(Recorded data)
⟨

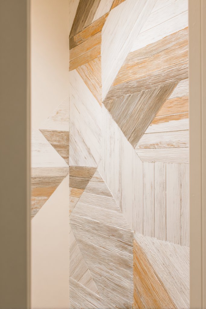 Imagine small, tapered wooden shims arranged in geometric or random patterns, creating a tactile mosaic. The natural wood tones and varied thicknesses add depth and movement. Light interacts with the uneven surfaces, casting shadows that change throughout the day. It’s a fun, eclectic look that’s full of personality.
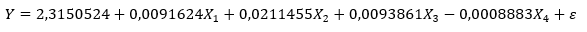 Berdasarkan persamaan regresi, setiap peningkatan satu unit pada variabel X1 akan meningkatkan Y sebesar 0,00916, peningkatan satu unit pada variabel X2 akan meningkatkan Y sebesar 0,02115, dan peningkatan satu unit pada variabel X3 akan meningkatkan Y sebesar 0.00939. Sebaliknya, peningkatan satu unit pada X4 akan menurunkan Y sebesar 0,00089
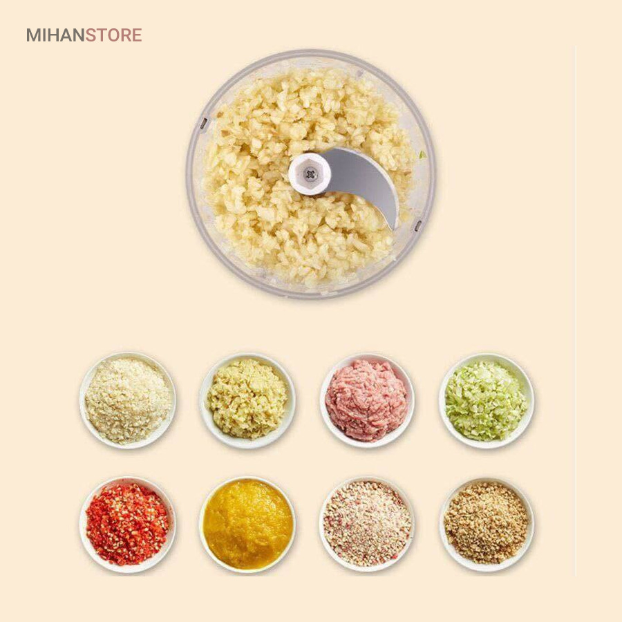 مینی خردکن شارژی یک خردکن 3 تیغه تیز است که به عنوان یک وسیله کاربردی برای خرد و میکس کردن سیر ، زنجبیل ، فلفل ، هویج ، سبزیجات ، پیاز و موارد دیگر بسیار مناسب است. طراحی عملکرد کلید لمسی مینی خردکن شارژی باعث می شود دست شما آزاد باشد تا موقع کار به کارهای دیگر خود برسید.این دستگاه با یک کابل USB و با ۳ ساعت شارژ ، می تواند از عمر طولانی باتری تا ۳۰ روز و استفاده گاهی اوقات لذت ببرید. این خردکن شارژی رو میتونید مسافرت یا کمپینگ هاتون هم همراه ببرید و از دست خرد کردن راحت بشید.این دستگاه ضدآب بوده و آب از محفظه زیرین به بالا و موتور نفوذ نمیکنه  این دستگاه از پلاستیک ABS ساخته شده و بسیار مقاوم بوده و همچنین تیغه ها ضدزنگ بوده.
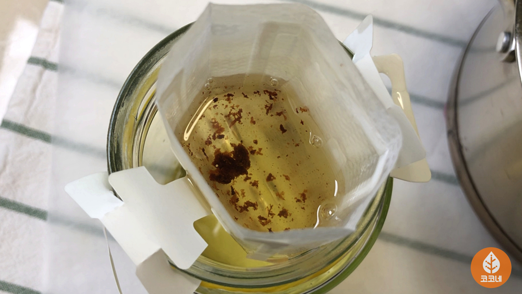 커피필터로 걸러서 불순물을 제거해주시고요.
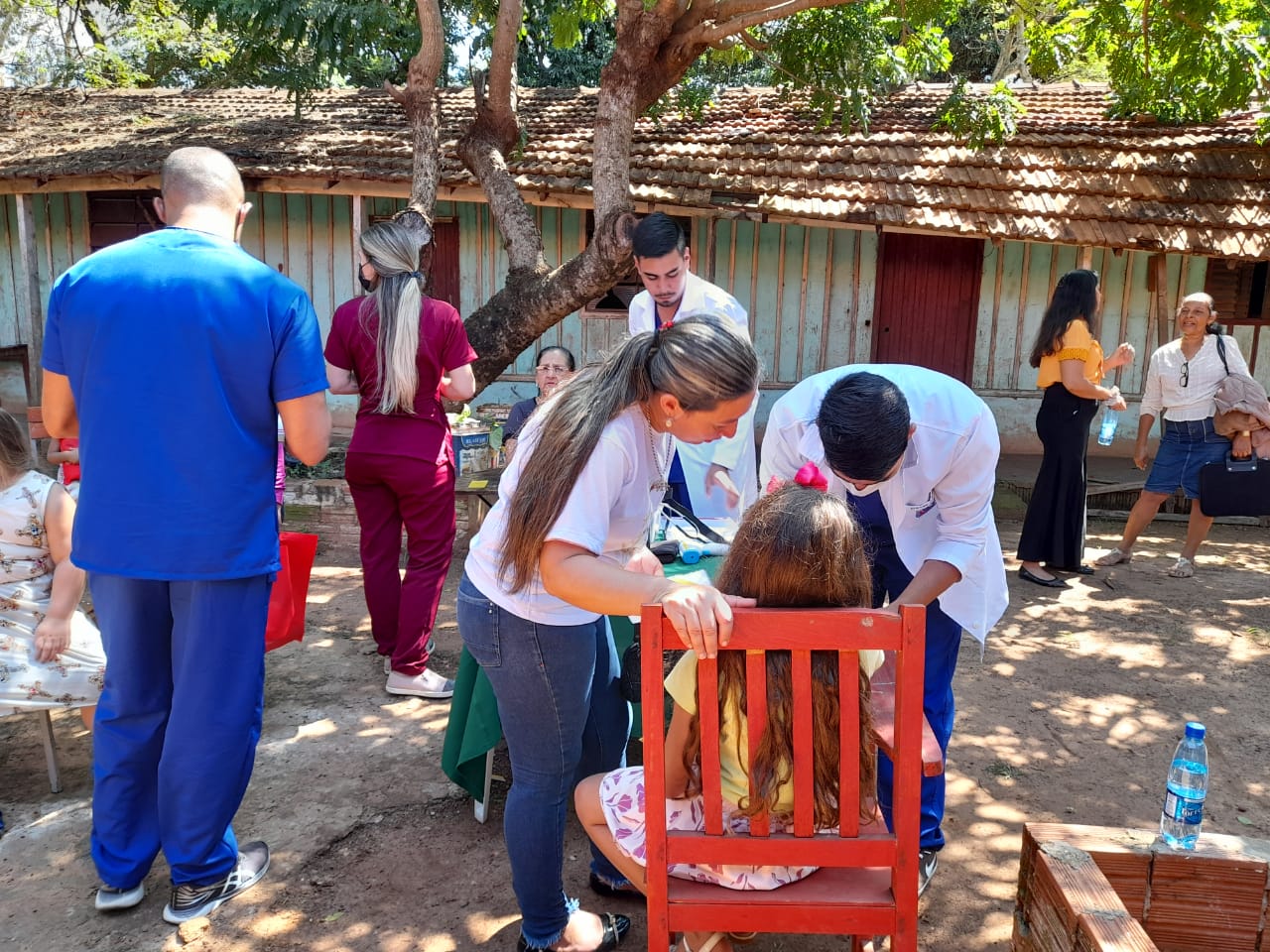 Uma das atividades aconteceu na Escola Básica, Escola Básica Ivar Gonzalez Safstrand, onde moradores locais e do distrito de Sanga Puitã em Ponta Porã foram atendidos pelos professores doutores da UCP com o acompanhamento dos universitários.
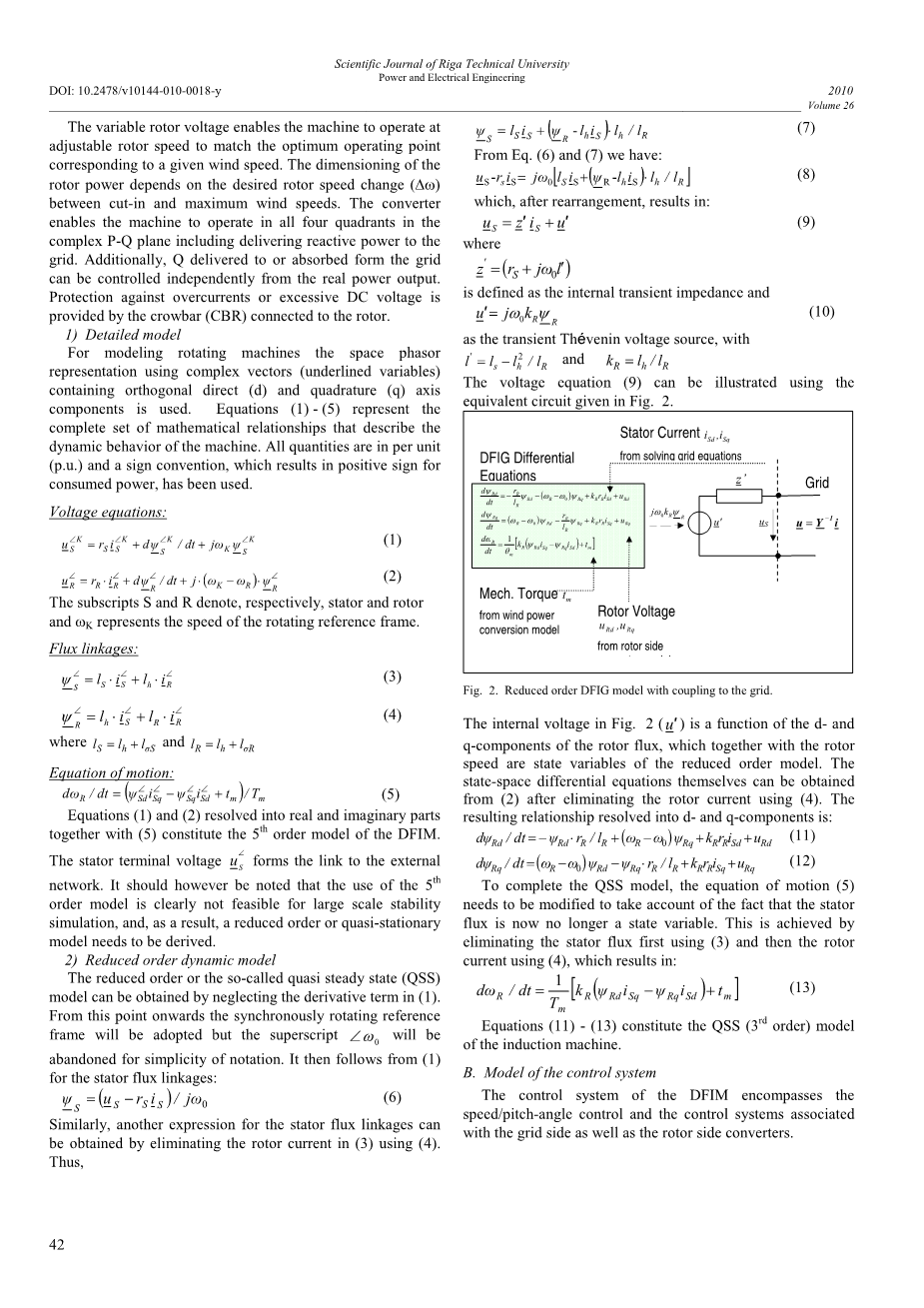 包含正交直接(d)和正交(q)轴分量。 等式(1) - (5)表示描述机器动态行为的完整数学关系集。 所有数量都以每单位(pu)为单位,并且符号惯例会导致消耗功率的正号。
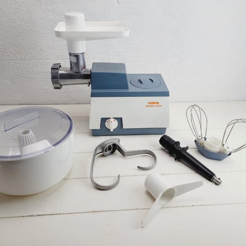 Teddy Varimixer er legendarisk blandt entusiaster og professionelle køkkener i hele landet. Denne model er har fået et serviceeftersyn og nyt originalt gearfedt. Den kører perfekt og har kun mindre misfarvninger i den sølvgrå lak, som vist på billedet.
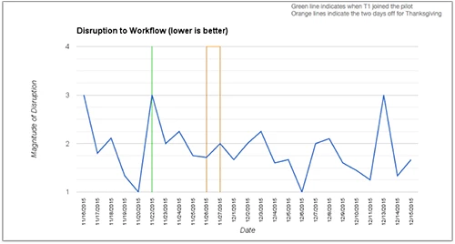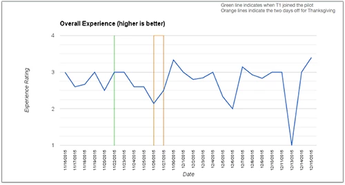 There was an initial trend of somewhat negative advocate experience ratings for the first two or three days of the pilot. However, once agents became more accustomed to the new workflow, the ratings turned around to be much more positive.

⟩

= EXERCISE =
The whole of the data above needs retyping exactly, with pictures omitted.

= SOLUTION TO THIS TASK =
 Imagine small, tapered wooden shims arranged in geometric or random patterns, creating a tactile mosaic. The natural wood tones and varied thicknesses add depth and movement. Light interacts with the uneven surfaces, casting shadows that change throughout the day. It’s a fun, eclectic look that’s full of personality.
 Berdasarkan persamaan regresi, setiap peningkatan satu unit pada variabel X1 akan meningkatkan Y sebesar 0,00916, peningkatan satu unit pada variabel X2 akan meningkatkan Y sebesar 0,02115, dan peningkatan satu unit pada variabel X3 akan meningkatkan Y sebesar 0.00939. Sebaliknya, peningkatan satu unit pada X4 akan menurunkan Y sebesar 0,00089
 مینی خردکن شارژی یک خردکن 3 تیغه تیز است که به عنوان یک وسیله کاربردی برای خرد و میکس کردن سیر ، زنجبیل ، فلفل ، هویج ، سبزیجات ، پیاز و موارد دیگر بسیار مناسب است. طراحی عملکرد کلید لمسی مینی خردکن شارژی باعث می شود دست شما آزاد باشد تا موقع کار به کارهای دیگر خود برسید.این دستگاه با یک کابل USB و با ۳ ساعت شارژ ، می تواند از عمر طولانی باتری تا ۳۰ روز و استفاده گاهی اوقات لذت ببرید. این خردکن شارژی رو میتونید مسافرت یا کمپینگ هاتون هم همراه ببرید و از دست خرد کردن راحت بشید.این دستگاه ضدآب بوده و آب از محفظه زیرین به بالا و موتور نفوذ نمیکنه  این دستگاه از پلاستیک ABS ساخته شده و بسیار مقاوم بوده و همچنین تیغه ها ضدزنگ بوده.
 커피필터로 걸러서 불순물을 제거해주시고요.
 Uma das atividades aconteceu na Escola Básica, Escola Básica Ivar Gonzalez Safstrand, onde moradores locais e do distrito de Sanga Puitã em Ponta Porã foram atendidos pelos professores doutores da UCP com o acompanhamento dos universitários.
 包含正交直接(d)和正交(q)轴分量。 等式(1) - (5)表示描述机器动态行为的完整数学关系集。 所有数量都以每单位(pu)为单位,并且符号惯例会导致消耗功率的正号。
 Teddy Varimixer er legendarisk blandt entusiaster og professionelle køkkener i hele landet. Denne model er har fået et serviceeftersyn og nyt originalt gearfedt. Den kører perfekt og har kun mindre misfarvninger i den sølvgrå lak, som vist på billedet.
 There was an initial trend of somewhat negative advocate experience ratings for the first two or three days of the pilot. However, once agents became more accustomed to the new workflow, the ratings turned around to be much more positive.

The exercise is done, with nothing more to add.